Question: Suppose $\mathbf{32}\mathbf{.}\mathbf{1}\mathbf{}{\mathbf{gClF}}_{\mathbf{3}}\mathbf{(}\mathbf{}\mathbf{g}\mathbf{)}$ and$\mathbf{17}\mathbf{.}\mathbf{3}\mathbf{}\mathbf{g}\mathbf{}\mathbf{Li}\mathbf{(}\mathbf{s}\mathbf{)}$ are mixed and allowed to react at atmospheric pressure and ${\mathbf{25}}^{\mathbf{o}}\mathit{C}$until one of the reactants is used up, producing$\mathbf{LiCl}\mathbf{(}\mathit{s}\mathbf{)}$ and$\mathbf{LiF}\mathbf{(}\mathit{s}\mathbf{)}$ . Calculate the amount of heat evolved.

Short answer

The amount of heat evolved is 732.66kJ.

Step-by-step solution

Given data

Mass of each component is given as:

$\begin{array}{l}m\left({\mathrm{ClF}}_3\right)=32.1\mathrm{g}\\ m\left(\mathrm{Li}\right)=17.3\mathrm{g}\end{array}$

Standard enthalpies of formation for each component are given as:

$\begin{array}{c}\Delta H_f\left({\mathrm{ClF}}_3,g\right)=-163.2\mathrm{kJ}/\mathrm{mol}\\ \Delta H_f(\mathrm{Li},s)=0\mathrm{kJ}/\mathrm{mol}\\ \Delta H_f(\mathrm{LiCl},s)=-408.61\mathrm{kJ}/\mathrm{mol}\\ \Delta H_f(\mathrm{LiF},s)=-615.91\mathrm{kJ}/\mathrm{mol}\end{array}$

Concept of heat evolved in reaction

The amount of heat evolved during a combustion process by calculating the enthalpy change of formation for every molecule involved in the chemical reaction for one mole by given formula.

$\mathit{\Delta }\mathit{H}\mathbf{=}\mathit{n}\mathbf{\times }\mathit{\Delta }{\mathit{H}}_{\mathbf{m}}$

Where, $n$is number of total moles and $\Delta H_m$is change in enthalpy

Calculation of enthalpy change

The formula is, $\Delta H=\sum \Delta H_{f_{\mathrm{products}}}-\sum \Delta H_{f_{\mathrm{reactants}}}$.
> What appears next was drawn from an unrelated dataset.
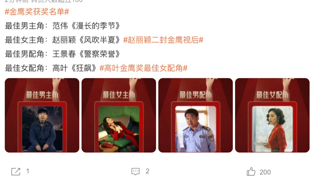第32届中国电视金鹰奖的最佳男主角由范伟凭借《漫长的季节》获得,最佳女主角则由赵丽颖凭《风吹半夏》拿下。王景春因在《警察荣誉》中的表现荣获最佳男配角,而高叶则因为《狂飙》获得了最佳女配角奖项。最佳电视剧导演奖被杨磊摘得,《三体》是他执导的作品。秦雯凭借《繁花》赢得了最佳电视剧编剧奖。何炅主持的《声生不息·宝岛季》不仅让他夺得了最佳电视节目主持人奖,还同时获得了最佳电视综艺(文艺)节目奖。

For this reaction, the change in enthalpy would be:

$\begin{array}{l}\Delta H_m=\Delta H_f(\mathrm{LiCl},s)+3\times \Delta H_f(\mathrm{LiF},s)-\Delta H_f\left({\mathrm{ClF}}_3,g\right)-4\times \Delta H_f(\mathrm{LiF},s)\\ \Delta H_m=-408.61+3\times (-615.97)-(-163.2)-4\times 0\\ \Delta H_m=-2093.32\mathrm{kJ}/\mathrm{mol}\end{array}$

Determine limit reactant

The molar mass of reactants is given below.

$\begin{array}{c}M\left({\mathrm{ClF}}_3\right)=92.448\mathrm{g}/\mathrm{mol}\\ M\left(\mathrm{Li}\right)=6.941\mathrm{g}/\mathrm{mol}\end{array}$

For determination of limiting reactant find the number of moles of each reactant.
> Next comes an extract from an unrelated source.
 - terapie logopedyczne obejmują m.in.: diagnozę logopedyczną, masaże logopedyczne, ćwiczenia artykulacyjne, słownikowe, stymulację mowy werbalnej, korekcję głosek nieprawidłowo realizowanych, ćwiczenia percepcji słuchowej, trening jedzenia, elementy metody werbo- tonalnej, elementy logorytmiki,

$\begin{array}{c}n=\frac{m}{M}\\ \mathrm{n}\left({\mathrm{ClF}}_3\right)=\frac{32.1}{92.448}\\ =0.35\mathrm{mol}\\ n\left(Li\right)=\frac{17.3}{6.941}\end{array}$

So, $n\left(Li\right)=2.5\mathrm{m}ol$

From the reaction, four moles of $Li$ required for one mol of $CI{F}_3$.

So for $0.35mol$of $CI{F}_3$.

$0.35\times 4=1.4\mathrm{mol}$of $Li$required.

This means that $CI{F}_3$ is the limiting reactant.

Calculate heat evolved

The heat is calculated by given equation.

$\begin{array}{l}\Delta H=n\times \Delta H_m\\ \Delta H=0.35\times 2093.32\\ \Delta H=732.66\mathrm{kJ}\end{array}$